- Born: 7 March 1892 Bethel, South African Republic
- Died: 20 May 1968 (aged 76) Chilapa, Mexico
- Awards: Officer of the Most Excellent Order of the British Empire, Croix de Guerre, Knight of the Order of the Crown of Belgium.
- Espionage activity
- Allegiance: Great-Britain
- Service branch: Royal Field Artillery, SIS (MI6)
- Service years: 1914-1916 Royal Field Artillery, 1916-1920 SIS (MI6)
- Rank: army captain
- Operations: World War I

= Henry Landau (British Army officer) =

Henry Landau OBE (7 March 1892 – 20 May 1968) was a South African World War I volunteer who served with the British Army's Royal Field Artillery when he was recruited into what is now known as the SIS (MI6). He was notable as the handler of one of the most effective spy rings of the First World War, La Dame Blanche, and later wrote a number of bestselling novels about his experiences during the war.

==Early career==
Landau was born to an Afrikaner mother and English father who fought in the Boer Commandos during the Second Anglo-Boer War. He studied at Caius College, Cambridge, graduating with first-class honours in Natural Sciences before the Great War broke out.

==World War I==
In August 1914 he went to France with a volunteer hospital unit, later gaining a commission with the Royal Field Artillery. After sick leave in London and a dinner date with one of the secretaries of the head of MI6, Royal Navy Captain Mansfield Smith-Cumming (the original "C"), Landau was recruited and sent to the MI6 station in Rotterdam. From there all the British spy networks in Belgium, France and Germany itself were handled under the command of Richard B. Tinsley.

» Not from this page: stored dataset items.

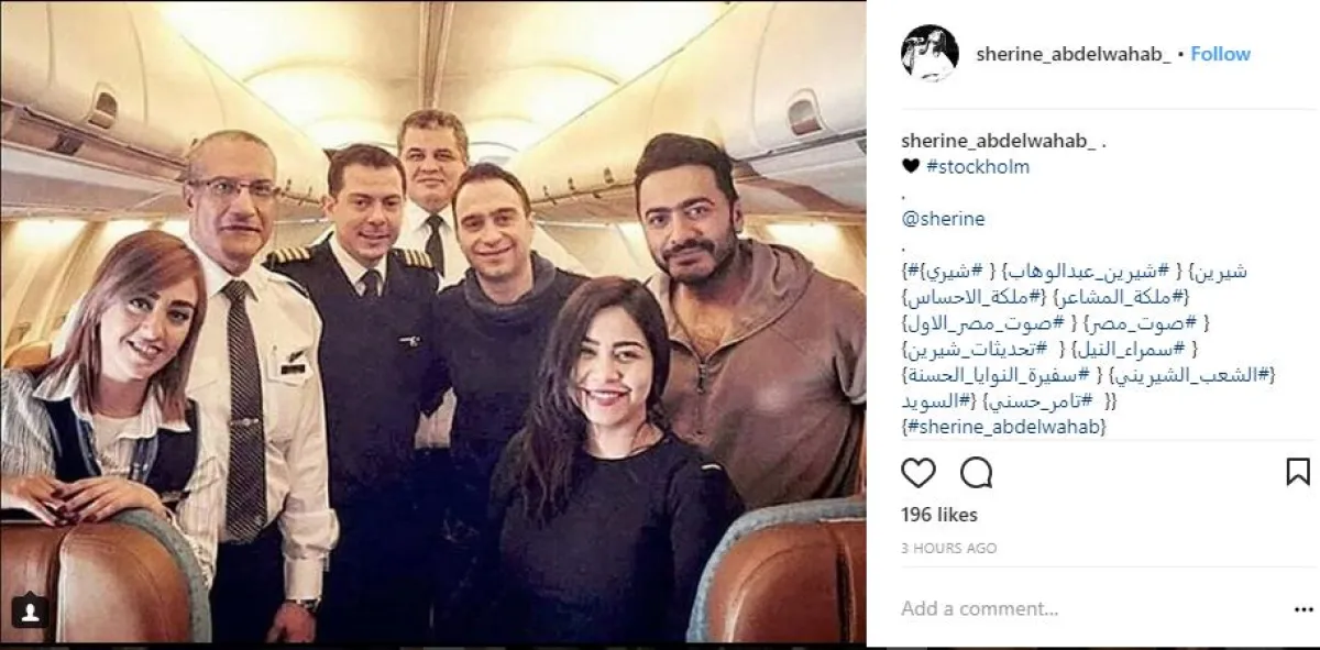 حسام حبيب غاب عن كل صور الحفل الأول لشيرين عبد الوهاب مع تامر حسني في السويد، كما لم يظهر عبر مقطع الفيديو الذي ضم الوفد المرافق للنجمين، ولكن حساب خاص يتبع شيرين عبد الوهاب قام صباح اليوم الأحد، بنشر صورة خاصة من داخل الطائرة المتجهة الى مدينة استوكهولم وكانت المفاجأة في وجود حبيب، علماً أنه نفى سابقاً تعيينه مستشار فنياً لشيرين عبد الوهاب.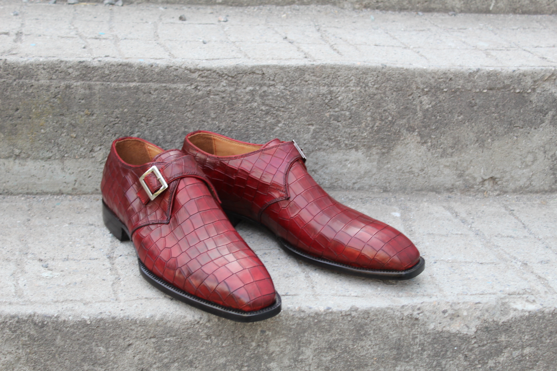 Crafted Leather Classic Red Crocodile/Alligator Monk Strap Dress Shoes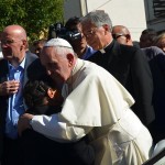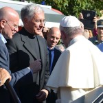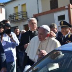 Papa Francesco nella giornata di martedì 4 ottobre, festa di S. Francesco dAssisi, ha visitato le zone del centro Italia colpite dal terremoto lo scorso 24 agosto. Quando all’inizio della giornata si è diffusa la notizia della presenza del Papa ad Amtrice, è iniziato un rincorrersi di voci su una possibile visita a Norcia. Alle 11.30 l’Arcivescovo Renato Boccardo ha avuto la conferma: il Papa sarà a San Pellegrino di Norcia, la frazione più colpita dal sisma, dichiarata zona rossa, alle 17.00. Alla fine però Francesco è giunto alle 15.00 al crocevia tra S. Pellegrino e Frascaro, dove ha incontrato e salutato mons. Boccardo e lo ha invitato a salire nella sua automobile. Insieme sono andati nella zona rossa del paese, passando tra la gente che applaudiva e gridava: viva il Papa. Lungo il breve tragitto il Vescovo ha descritto al Pontefice il territorio nursino e gli ha raccontato come questa popolazione per la terza volta, dopo il 1979 e il 1997, deve confrontarsi con la catastrofe del terremoto. Francesco si è raccolto in una preghiera silenziosa e solitaria davanti ai massi del campanile crollato della chiesa di San Pellegrino di Norcia, simbolo umbro di questo ulteriore sisma, e ha benedetto le macerie. Si è poi congratulato con i Vigili del Fuoco presenti dicendogli: «Grazie, siete davvero coraggiosi». E uno di loro: «Padre Santo pochissimi prima del suo arrivo abbiamo avvertito una scossa di magnitudo 3.6 che ha ulteriormente danneggiato gli edifici del paese». A San Pellegrino, la tendopoli è stata recentemente smantellata (le persone, in attesa delle casette di legno, sono momentaneamente ospitate nelle strutture ricettive della zona) e i numerosi fedeli hanno atteso Francesco nello slargo a ridosso della zona rossa del paese, dinanzi alla tenda dove viene normalmente celebrata la Messa. Il Vescovo di Roma ha salutato le persone usando il microfono di unautovettura della Polizia di Stato: «Saluto tutti voi. Sono stato vicino a voi e mi sento molto vicino in questo momento di tristezza e prego per voi e chiedo al Signore che dia la forza di andare avanti. E adesso vi invito a pregare tutti insieme l’Ave Maria».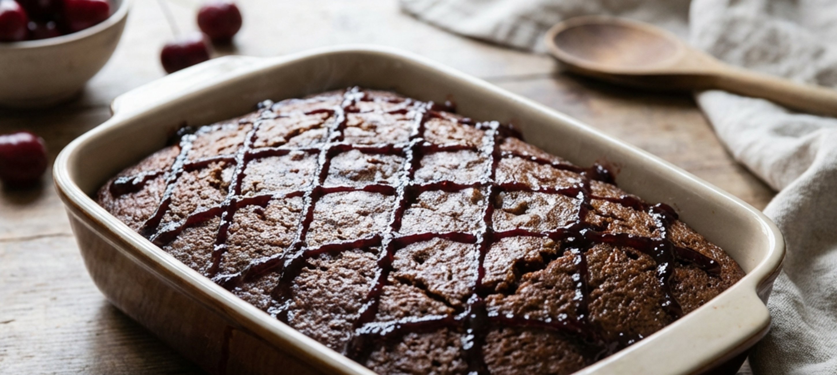 - 3Puneți gemul de vișine într-un poș (sac de cofetărie) și trasați o grilă oblică deasupra aluatului crud.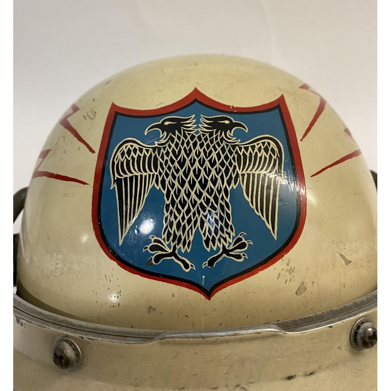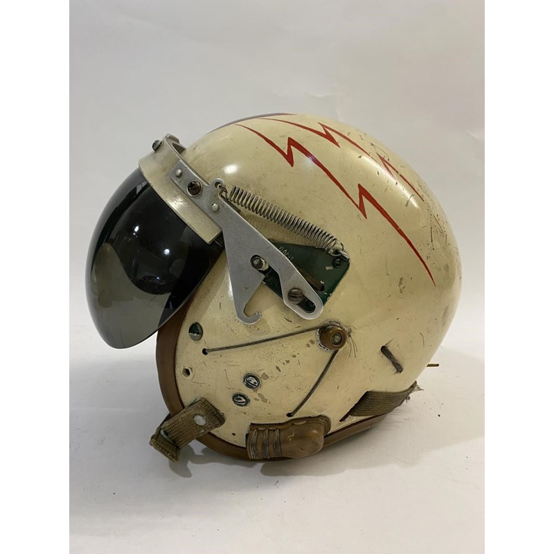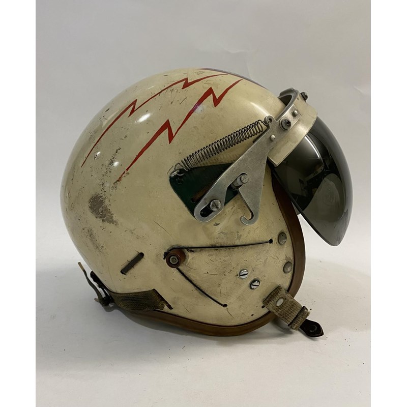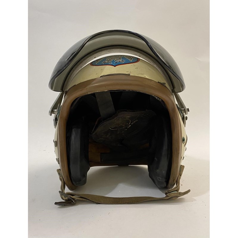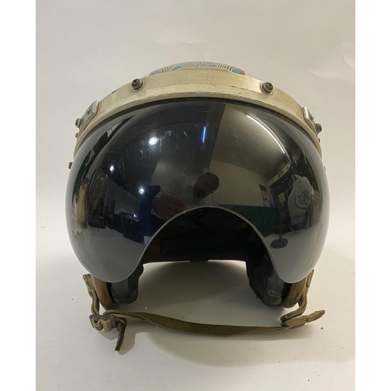 A mid 10th century U.S. Airforce helmet, the outer shell painted with a two headed eagle against a blue ground with lightening bolts radiating from the shield, with two position tinted visor with fabric visor cover, the interior with full liner marked U.S. Airforce, in used condition.
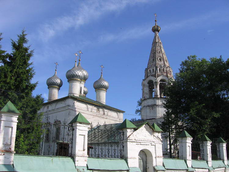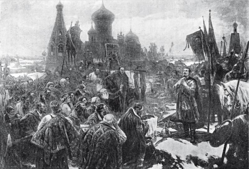 Вещилов. Иоанн Грозный после казанских побед. 1904. Так же, за научную основательность, наверно ценили и в Академии. За вот эту картину он "получил звание художника и право пенсионерской поездки за границу” (https://vk.com/@macternashylke-veschilov-konstantin-aleksandrovich-18771945). По-видимому, изображено, как "после разгрома Казанского ханства часть татар (преимущественно знатных) перешла на службу к русскому царю и получила некоторые привилегии в торговле. Иван Грозный пожаловал татарам владения в г. Романове (ныне Тутаев Ярославской области) на Волге, а впоследствии упорствовавших в исламе татар переселили оттуда в Кострому, где, по-видимому, уже существовала небольшая татарская диаспора” (https://www.facebook.com/Kostroma/posts/317809861692643/). В Костроме есть похожая церковь – Церковь Святого Апостола и Евангелиста Иоанна Богослова.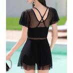 水着 レディース水着 フレアスリーブレイヤードワンピ風オールインワン水着「大きいサイズ有」 レディース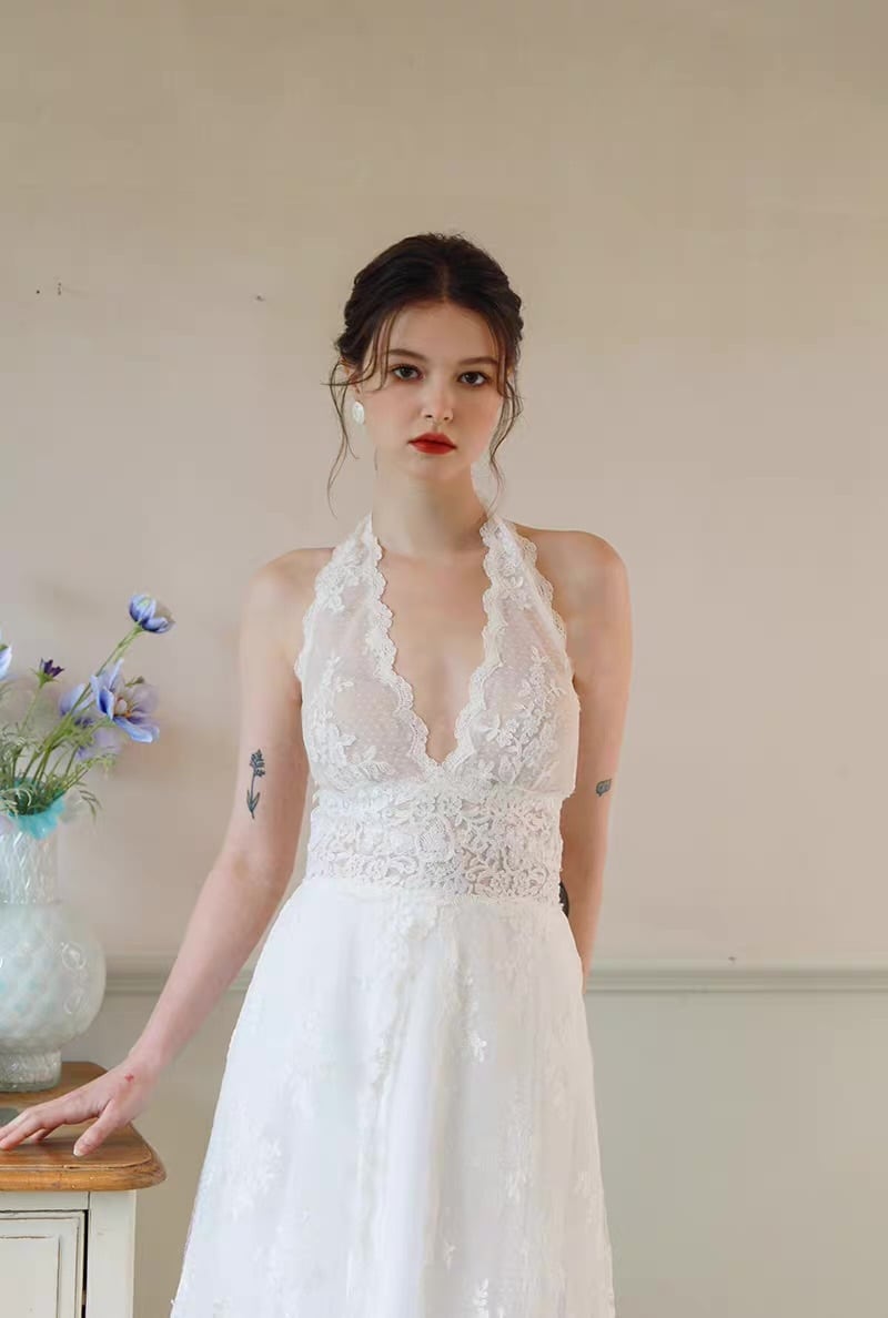 深Vネック レース キャミソール ウェディングドレス

Landau became head of military intelligence station in Rotterdam, and his main task was to connect with Belgian resistance groups. His biggest success would be the handling of La Dame Blanche, a group of more than a thousand Belgian and French agents who monitored the movement of German troop trains to and from the Western Front. Named after a mythical White Lady whose appearance was supposed to presage the downfall of the German Imperial House of Hohenzollern, it was arguably the most effective intelligence operation of the First World War and, according to Cumming, produced 70 per cent of all Allied intelligence on the German forces worldwide.

==After the War==
After the war Landau was sent to lead the passport control office in Berlin, in theory a very prestigious post within MI6. Not able to deal with bureaucracy and boredom, he resigned the military in 1920 and took employment procuring patents and inventions for a British shipbuilding company. He later returned to South Africa, before emigrating to the United States in 1923 where he worked as a teacher. After obtaining U.S. citizenship in 1933, Landau worked as an investigator for the Federal Works Agency and the U.S. Maritime Commission.

In 1934 Landau published his memoirs as a World War I spy master. In the book, All's Fair, he revealed the existence of Karl Krüger, a former officer in the German Imperial Navy, who was one of MI6's most important World War I spies. Although Landau did not reveal Krüger's name, as Krüger was still active, MI6 considered Landau persona non grata. His book was published in the U.K. in 1938 as Spreading The Spy Net. The Story of a British Spy Director. After All's Fair became a bestseller, Landau wrote two more books: Secrets of the White Lady (1935) and The Enemy Within. The Inside Story of German Sabotage in America (1937).

== Bibliography ==
- Jeffery, Keith. MI6. The History of the Secret Intelligence Service 1909-1949. London: Bloomsbury, 2010.
- Landau, Henry. All's Fair. The Story of the British Secret Service Behind the German Lines. New York: G.P. Putnam's Sons, 1934.
- Landau, Henry. Secrets of The White Lady. New York: G.P. Putnam's Sons, 1935.
- Landau, Henry. The Enemy Within. New York: G.P. Putnam's Sons, 1937.
- Landau, Henry. Spreading The Spy Net. Great Britain: Jarrolds Ltd., 1938.
- Ruis, Edwin. Spynest. British and German Espionage from Neutral Holland 1914-1918. Briscombe: The History Press, 2016.